Rocky Mountain Power on Wednesday announced that it will install DC fast chargers at 20 sites in Utah, with support from Electrify Commercial, a unit of charging network Electrify America that supplies charging hardware to businesses and commercial fleets.
The plan calls for 80 individual chargers at 15 sites in the Salt Lake City area, with five more sites in other parts of Utah, according to an Electrify America press release. Each site will have a minimum of four individual chargers, with speeds up to 350 kw. The first sites are scheduled to open in 2024, and will be located in Salt Lake City, along the Wasatch Valley Front, and in Moab.
Utah highway
These chargers will be owned by Rocky Mountain Power, but will be shown on Electrify America’s network map. The utility will also set pricing, but customers will be able to pay for charging using the Electrify America app, just like other stations on the network.
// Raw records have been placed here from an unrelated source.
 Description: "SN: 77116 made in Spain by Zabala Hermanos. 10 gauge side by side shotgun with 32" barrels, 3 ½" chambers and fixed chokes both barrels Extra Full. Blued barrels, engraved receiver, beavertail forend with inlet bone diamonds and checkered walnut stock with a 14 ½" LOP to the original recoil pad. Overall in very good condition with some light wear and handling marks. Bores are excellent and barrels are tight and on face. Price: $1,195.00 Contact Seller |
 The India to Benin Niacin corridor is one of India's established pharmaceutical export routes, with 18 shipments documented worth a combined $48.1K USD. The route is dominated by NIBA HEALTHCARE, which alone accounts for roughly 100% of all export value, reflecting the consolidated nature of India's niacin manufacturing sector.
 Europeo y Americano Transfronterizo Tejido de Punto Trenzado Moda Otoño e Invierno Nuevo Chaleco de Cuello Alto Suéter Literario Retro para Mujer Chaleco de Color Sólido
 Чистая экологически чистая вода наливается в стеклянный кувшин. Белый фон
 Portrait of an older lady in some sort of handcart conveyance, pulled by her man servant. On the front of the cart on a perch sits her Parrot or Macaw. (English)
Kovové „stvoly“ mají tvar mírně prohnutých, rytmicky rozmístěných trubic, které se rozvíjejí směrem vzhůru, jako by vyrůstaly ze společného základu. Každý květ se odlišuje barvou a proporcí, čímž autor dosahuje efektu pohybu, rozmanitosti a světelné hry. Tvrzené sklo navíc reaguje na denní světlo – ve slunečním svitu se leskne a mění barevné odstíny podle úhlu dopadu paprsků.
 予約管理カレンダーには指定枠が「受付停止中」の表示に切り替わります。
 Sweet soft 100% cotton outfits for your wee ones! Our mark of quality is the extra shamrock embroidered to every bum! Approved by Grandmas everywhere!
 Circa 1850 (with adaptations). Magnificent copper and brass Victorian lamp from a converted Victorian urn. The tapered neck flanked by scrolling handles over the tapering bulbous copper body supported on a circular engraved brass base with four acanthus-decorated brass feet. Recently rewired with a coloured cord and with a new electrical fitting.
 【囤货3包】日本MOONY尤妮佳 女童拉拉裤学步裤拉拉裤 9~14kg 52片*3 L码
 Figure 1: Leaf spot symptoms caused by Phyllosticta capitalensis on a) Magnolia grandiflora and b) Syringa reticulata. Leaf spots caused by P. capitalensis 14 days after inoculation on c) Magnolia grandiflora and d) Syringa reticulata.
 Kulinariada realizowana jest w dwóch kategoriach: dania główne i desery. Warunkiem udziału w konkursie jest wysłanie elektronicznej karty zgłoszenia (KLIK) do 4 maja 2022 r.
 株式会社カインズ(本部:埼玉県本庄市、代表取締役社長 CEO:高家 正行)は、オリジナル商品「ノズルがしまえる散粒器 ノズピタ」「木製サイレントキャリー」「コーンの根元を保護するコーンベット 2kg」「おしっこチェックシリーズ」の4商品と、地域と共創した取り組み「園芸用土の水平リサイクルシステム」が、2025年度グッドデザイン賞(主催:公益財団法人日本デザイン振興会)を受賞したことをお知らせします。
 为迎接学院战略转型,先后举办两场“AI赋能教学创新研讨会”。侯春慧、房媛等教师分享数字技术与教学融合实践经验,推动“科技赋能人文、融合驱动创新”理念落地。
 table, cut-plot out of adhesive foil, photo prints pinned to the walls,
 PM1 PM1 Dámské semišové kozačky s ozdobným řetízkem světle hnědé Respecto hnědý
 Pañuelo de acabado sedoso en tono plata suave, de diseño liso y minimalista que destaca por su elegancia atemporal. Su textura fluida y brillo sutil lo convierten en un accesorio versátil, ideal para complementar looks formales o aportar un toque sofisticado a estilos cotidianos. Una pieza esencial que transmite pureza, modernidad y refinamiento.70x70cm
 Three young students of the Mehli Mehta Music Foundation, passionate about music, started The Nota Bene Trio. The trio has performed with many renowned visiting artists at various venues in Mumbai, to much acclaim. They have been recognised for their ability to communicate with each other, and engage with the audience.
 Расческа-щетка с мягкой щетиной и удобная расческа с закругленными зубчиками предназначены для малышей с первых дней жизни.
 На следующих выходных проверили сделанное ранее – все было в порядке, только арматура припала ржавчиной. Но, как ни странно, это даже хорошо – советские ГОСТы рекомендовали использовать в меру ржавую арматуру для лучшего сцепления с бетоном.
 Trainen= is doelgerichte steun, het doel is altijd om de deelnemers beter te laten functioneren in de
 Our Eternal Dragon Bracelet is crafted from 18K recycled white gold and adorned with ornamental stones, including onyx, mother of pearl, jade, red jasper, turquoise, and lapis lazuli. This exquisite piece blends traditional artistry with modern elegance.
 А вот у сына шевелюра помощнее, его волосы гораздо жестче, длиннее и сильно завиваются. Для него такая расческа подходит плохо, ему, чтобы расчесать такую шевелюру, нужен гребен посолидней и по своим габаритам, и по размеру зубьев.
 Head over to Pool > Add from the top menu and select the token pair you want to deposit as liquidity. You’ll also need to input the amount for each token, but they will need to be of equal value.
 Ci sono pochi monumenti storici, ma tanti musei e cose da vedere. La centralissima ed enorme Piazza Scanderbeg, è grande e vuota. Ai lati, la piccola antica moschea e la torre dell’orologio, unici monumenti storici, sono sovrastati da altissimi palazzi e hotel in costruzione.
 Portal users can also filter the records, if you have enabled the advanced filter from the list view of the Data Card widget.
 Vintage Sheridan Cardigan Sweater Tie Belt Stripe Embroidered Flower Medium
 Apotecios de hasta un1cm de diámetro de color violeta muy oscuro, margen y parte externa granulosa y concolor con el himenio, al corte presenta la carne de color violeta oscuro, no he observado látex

Rocky Mountain Power is seeking federal funding from the $5 billion National Electric Vehicle Infrastructure (NEVI) program for the project, but ratepayers will foot the bill for any stations that don’t meet requirements for that funding, a spokesperson confirmed to Green Car Reports.
Every state had submitted a NEVI plan by August 2022, showing how they planned to spend any funding received from the feds. If approved, Utah will dole out some of its share of the funding to Rocky Mountain Power for this project. The Department of Transportation is also creating a sixth round of Alternative Fuel Corridors (AFC), creating another pathway for charging-infrastructure funding.
Electrify America charging stations at Love’s Travel Stop
The Biden administration earlier this year outlined rules that every charger and charging site must comply with to get NEVI funding. The rules stipulate chargers placed 50 miles apart along designated corridors, with DC fast chargers all using the CCS format now used by most non-Tesla EVs.
There’s no declaration from the federal government on how many stations will be needed to achieve the 50-mile interval, but one study pegged it at about 1,100 stations.